Exercise
Omit all pictures and transcribe only the lines in the entries below that run from the line with "exhibition touched the" through the line with "A full skirt".

Data for processing
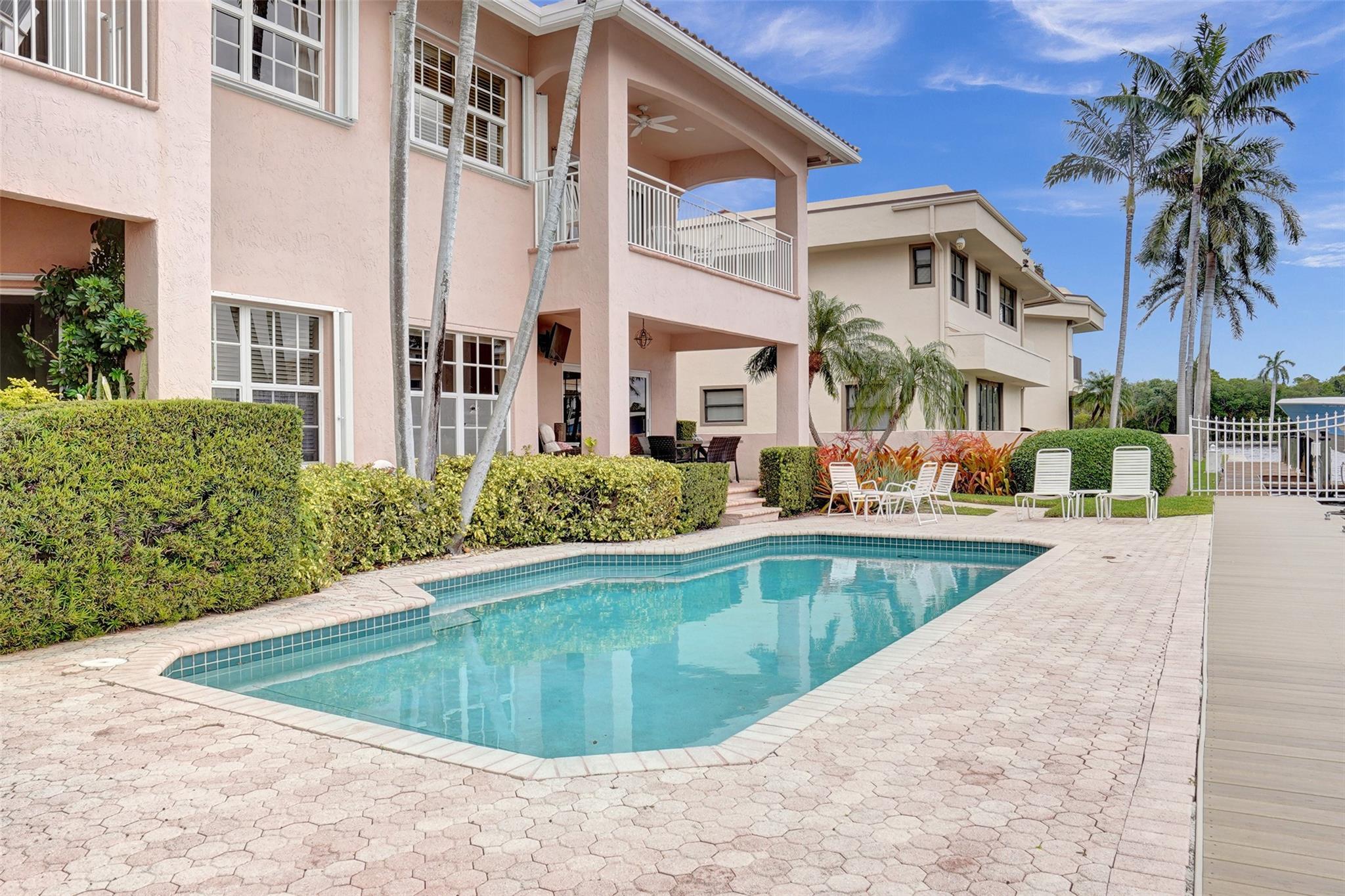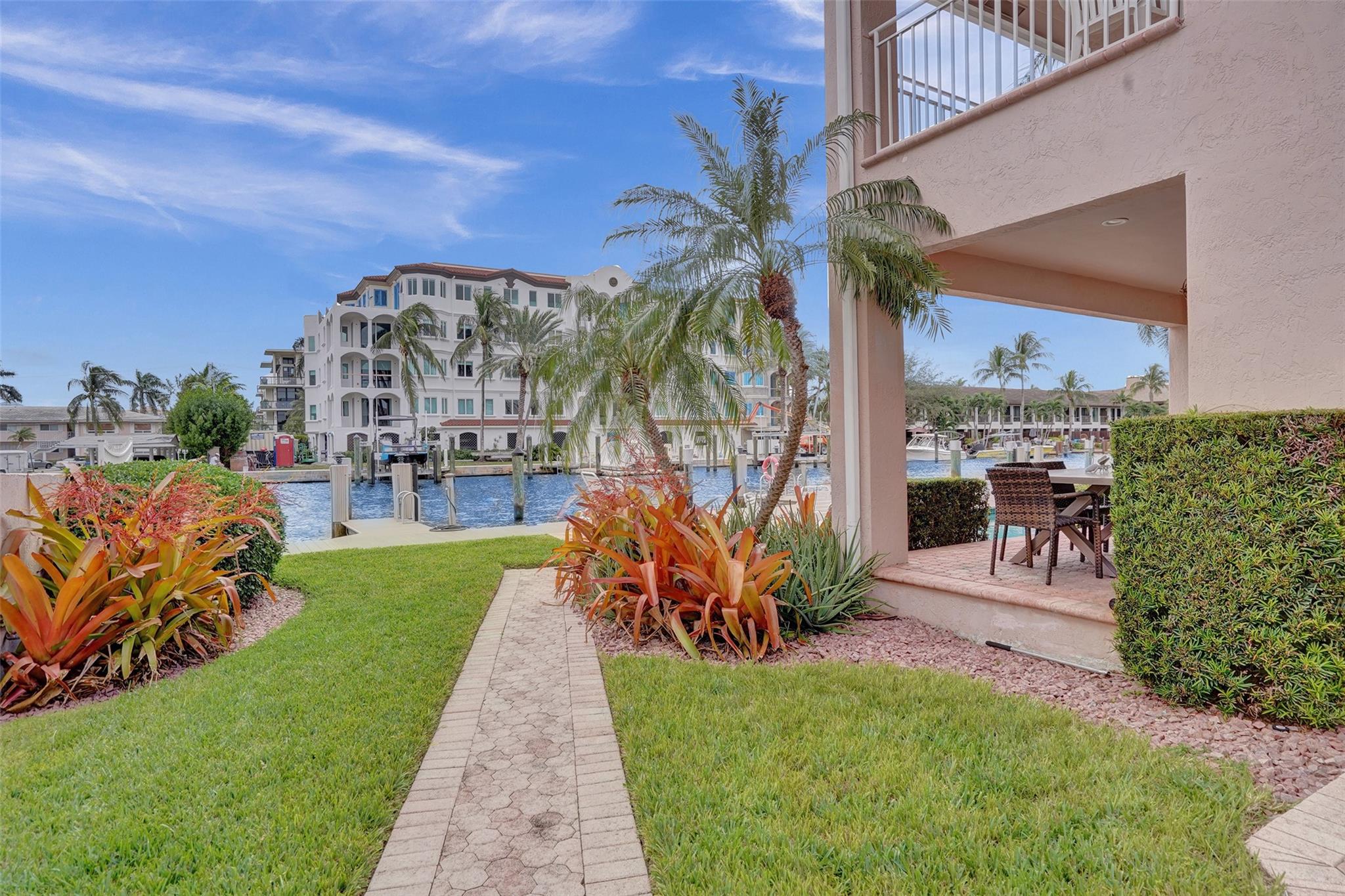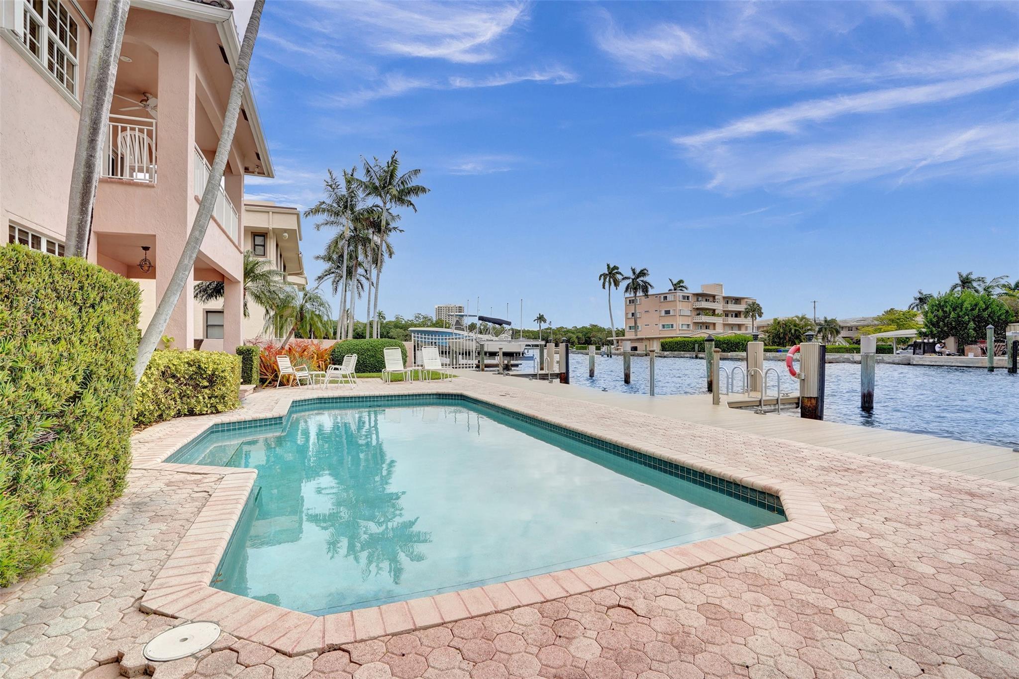 ***THIS UNIT IS RENTED UNTIL 11/30/2024**** Beautiful 2nd floor waterfront courtyard townhome condo w/ 2 bedrooms + bonus room, ideal for office/den. Overlooks Intracoastal & Birch State Park. Only 4 units in charming complex just off the point. 35′ dock & 1-car garage. Fantastic updated kitchen w/ granite counters & Miele & Viking appliances. Open & airy w/ vaulted ceilings. Walk-in closet. Jacuzzi tub + shower in master bathroom. Spacious balcony overlooking the waterway & heated pool. Minutes to beach, shopping & dining. Bayview school district.
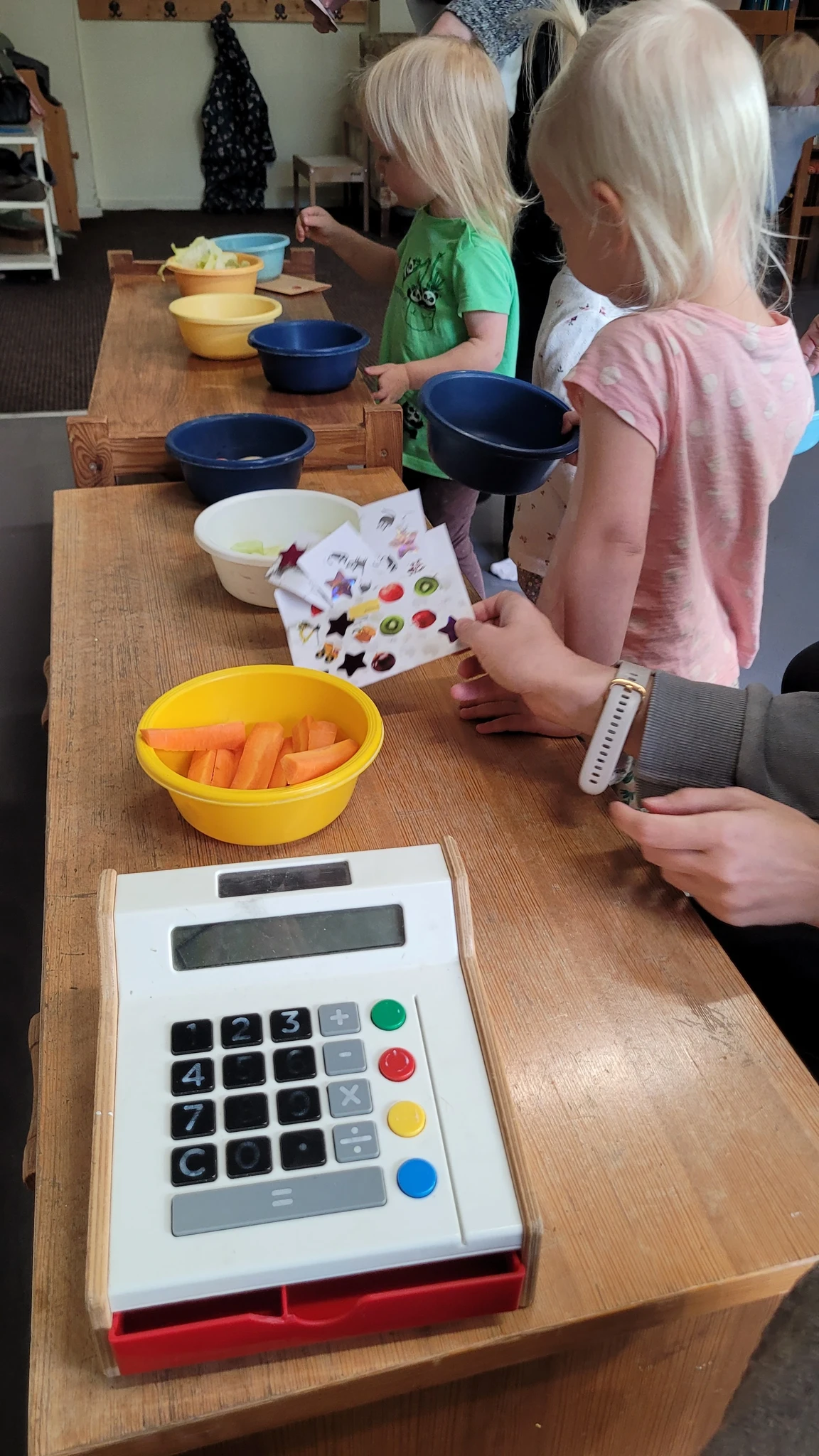 Sellel nädalal võtsime ette ühe põhjalikuma poeskäigu. Mõtlesime, mida meil poest vaja oleks ja misasja seal üldse müüakse. Riideid riidepoes, toitu toidupoes jne. Haldjapere poes oli meil olemas erinevaid näidiseid näiteks aedviljade kohta. Sorteerisime neid veidi ja asetasime soovitud esemed ostukorvi. Nii sai poeskäimise “kuivtrenn” tehtud.
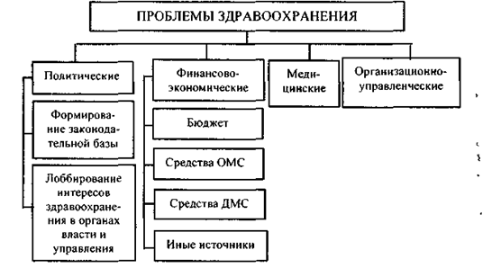 Медииинские проблемы: Смертность (Сердечно-сосудистые заболевания, новообразования, травмы). Смертность в трудоспособных возрастах (Травмы, ССЗ, новообразования). Рост инфекционных заболеваний и смертности от них. Заболеваемость новорожденных (рост за 10 лет в 3,7 раза). Здоровье школьников (40% от числа осмотренных — с хроническими заболеваниями, 50% — с морфо-функциональными отклонениями (предболезнь). 10%— подростки, которых можно назвать здоровыми). • Школьницы-подростки (частота хронических заболеваний у школьниц в 60-е годы — 40%, в 80-е гг. — у 44%, в 90-е гг. у 75%). • Рост средних показателей заболеваемости туберкулезом. • Рост венерических заболеваний. • Рост ВИЧ-инфекции. • Наркомания (каждый год рост наркомании на 50%, а среди подростков 100%) • Алкоголизм. Организационно-управленческие проблемы Определение объемов и способов финансирования бесплатной медицинской помощи. Восстановление разумной вертикали управления системой здравоохранения. Формирование государственного заказа на предоставление гражданам определенных видов и объемов медицинской помощи. Форматирование нормативно-правовой базы здравоохранения. (Законы: «О национальном здравоохранении»; «О государственной системе здравоохранения»; «О частной системе здравоохранения»; «О внесении изменений и дополнений в Закон РФ «О медицинском страховании граждан в РФ»). Перемещение акцентов в оказании медицинской помощи со стационаров на амбулаторно-поликлиническое звено. Разграничение полномочий между Федеральным центром и Субъектами Феде рации Меры по поддержанию Федеральных медицинских центров. Меры государственного регулирования лекарственного обеспечения населения: - введение государственного регулирования цен на жизненно необходимые лекарственные средства; - централизованные закупки для медицинских учреждений и льготных категорий согласно перечню; - долевое финансирование бюджетами различных уровней и средствами ОМС; - персонификация учета потребления лекарственных средств; Выравнивание расходов территорий при помощи субвенций на основе совместных договоров между Минздравом и властями субъектов Федераций на следующих условиях: _ повышение доли расходов региональных бюджетов на здравоохранение; - реструктуризация видов помощи. Date: 2015-09-17; view: 477; Нарушение авторских прав |
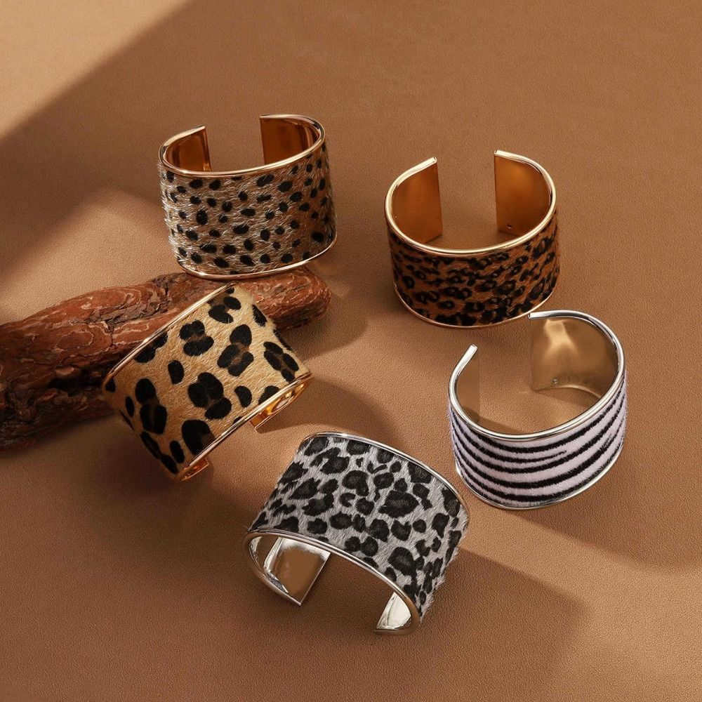 Дизайн для меньшинств Браслеты-манжеты с леопардовым принтом Металлический преувеличенный браслет Женщины
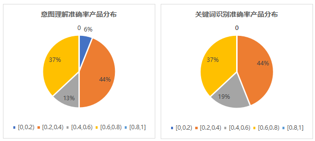 通过图3中的性能指标产品分布情况可知,多数参评产品意图理解和关键词识别准确率分布在[0.2,0.4)和[0.6,0.8),反映出参评产品在性能上的两级分化,建议相关企业及时丰富疫情相关语料并进行产品优化,提升问题解决率。
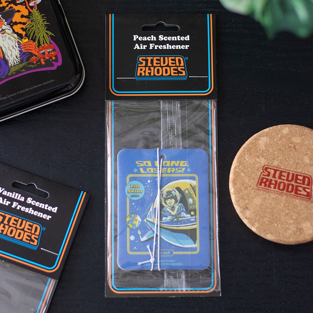 Blast off from your responsibilities in a cloud of peachy defiance.This So Long Losers air freshener by Steven Rhodes is for anyone mentally checking out while physically stuck in traffic. Officially licensed and part of the Steven Rhodes collection of iconic retro gifts.
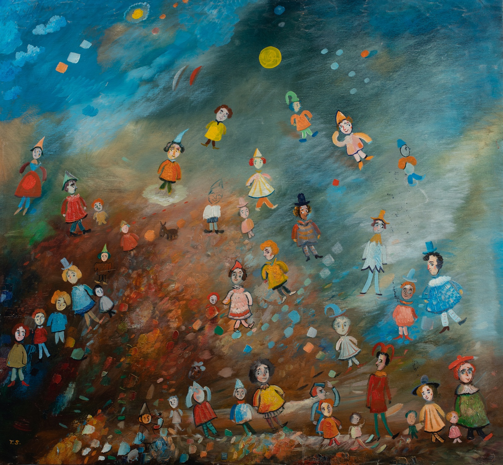 "The exhibition touched the viewer who felt my pain, love, and gentle humor. Viewers often told me that my characters seemed to know some kind of secret. But it is not really a secret, rather a kind of wisdom, an understanding that everything changes, everything passes, time goes on. This is why some of the characters hold clocks in their hands, and other characters are dolls that are no longer played with: the time has passed, the kid is all grown up. It is about understanding change, departing without clinging to what is already gone ... I wanted to create an image of a character that goes through change without losing humanity and without losing his dream."
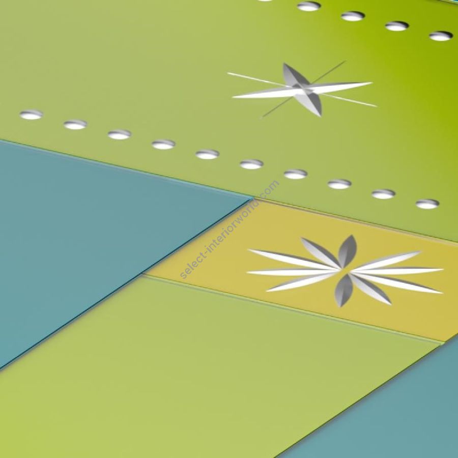 London grey and/or acid green lacquered plywood structure. Top with extra-clear acid etched 6 mm thick glass varnished in multicolour and decorated with silver hand engravings.
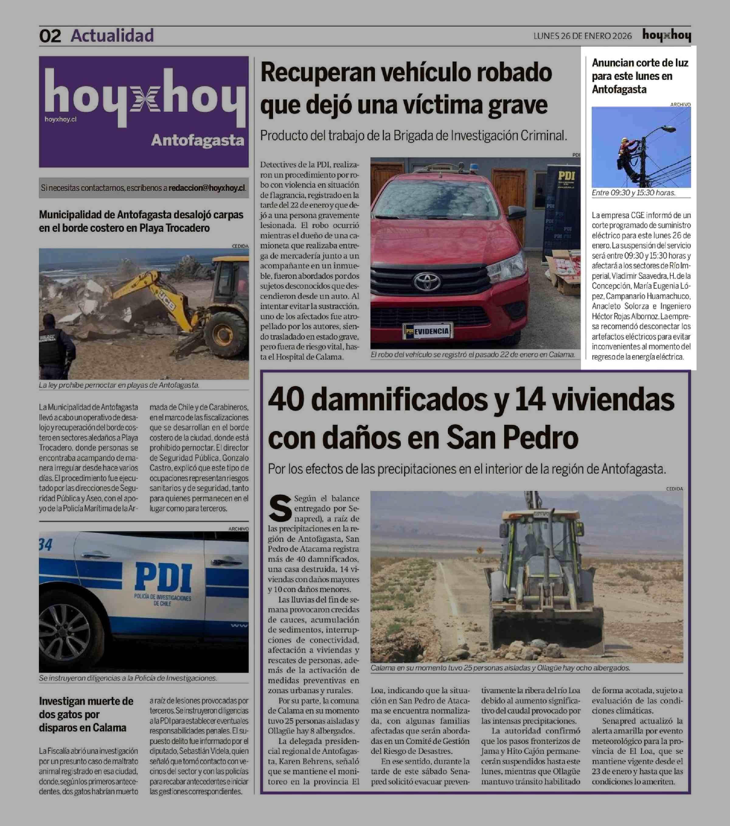 | Fecha: | 26-01-2026 | Sector: | Noticia general | Región: | Región de Antofagasta |
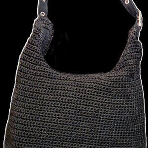 Classic black crochet/woven shoulder bag with a slouchy hobo silhouette. A versatile, lightweight bag perfect for a casual boho or 90s-inspired look.
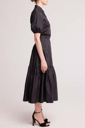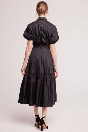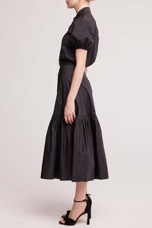 A full skirt with an a-line hip and an exaggerated gathered hem, cut from a cool and crisp cotton poplin. Featuring a cinched waist and a fabric covered button at the centre back for a vintage touch. Complete the look with the Puff Sleeve Shirt. - Made in Australia - Zip and button back closure - Total length 90cm - Model is 178cm / 5'10" tall and wears a size 8 Fabric & Care 100% cotton. Medium weight fabric, feels soft on the skin. Cold hand wash or dry clean. Do not tumble dry. Line dry in the shade. Cool iron or steam. This product is made-to-order which means no waste.
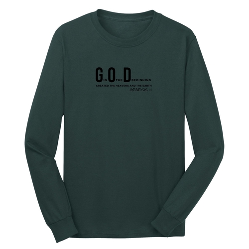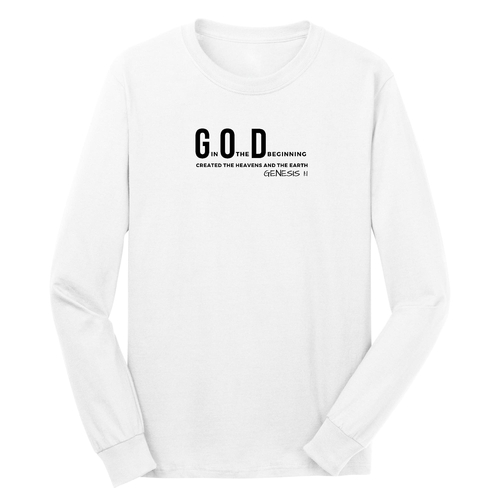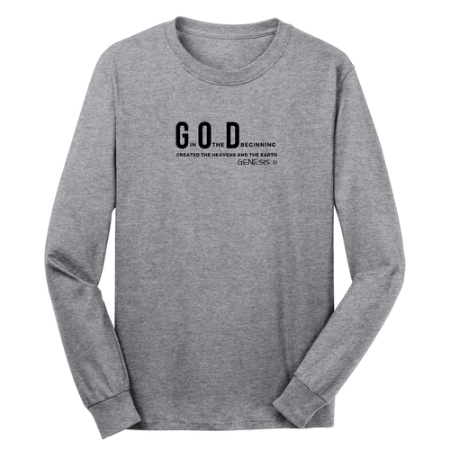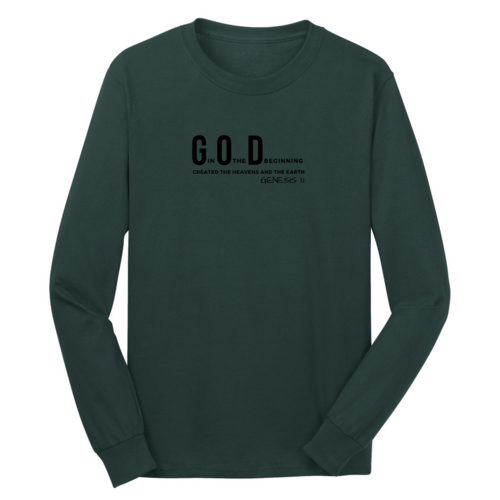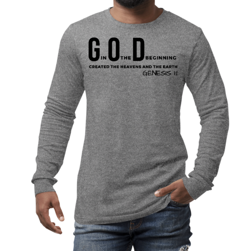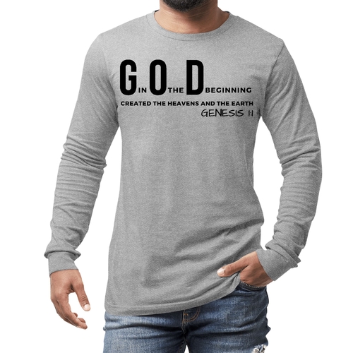 Introducing our Men's Long Sleeve Graphic T-shirt featuring the inspiring print 'God in the Beginning Created The Heavens And The Earth'. This stylish black tee is not only a fashion statement but also a testament to your faith. Made from high-quality preshrunk cotton, this shirt ensures that you enjoy lasting comfort and a perfect fit even after multiple washes.
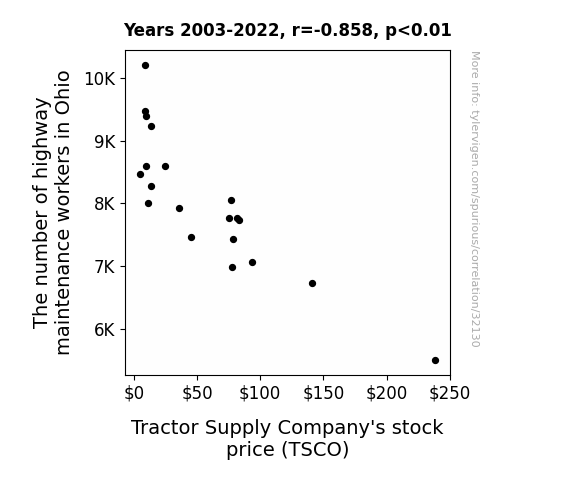 This means 73.6% of the change in the one variable (i.e., Tractor Supply Company's stock price (TSCO)) is predictable based on the change in the other (i.e., The number of highway maintenance workers in Ohio) over the 20 years from 2003 through 2022.

Written answer
 "The exhibition touched the viewer who felt my pain, love, and gentle humor. Viewers often told me that my characters seemed to know some kind of secret. But it is not really a secret, rather a kind of wisdom, an understanding that everything changes, everything passes, time goes on. This is why some of the characters hold clocks in their hands, and other characters are dolls that are no longer played with: the time has passed, the kid is all grown up. It is about understanding change, departing without clinging to what is already gone ... I wanted to create an image of a character that goes through change without losing humanity and without losing his dream."
 London grey and/or acid green lacquered plywood structure. Top with extra-clear acid etched 6 mm thick glass varnished in multicolour and decorated with silver hand engravings.
 | Fecha: | 26-01-2026 | Sector: | Noticia general | Región: | Región de Antofagasta |
 Classic black crochet/woven shoulder bag with a slouchy hobo silhouette. A versatile, lightweight bag perfect for a casual boho or 90s-inspired look.
 A full skirt with an a-line hip and an exaggerated gathered hem, cut from a cool and crisp cotton poplin. Featuring a cinched waist and a fabric covered button at the centre back for a vintage touch. Complete the look with the Puff Sleeve Shirt. - Made in Australia - Zip and button back closure - Total length 90cm - Model is 178cm / 5'10" tall and wears a size 8 Fabric & Care 100% cotton. Medium weight fabric, feels soft on the skin. Cold hand wash or dry clean. Do not tumble dry. Line dry in the shade. Cool iron or steam. This product is made-to-order which means no waste.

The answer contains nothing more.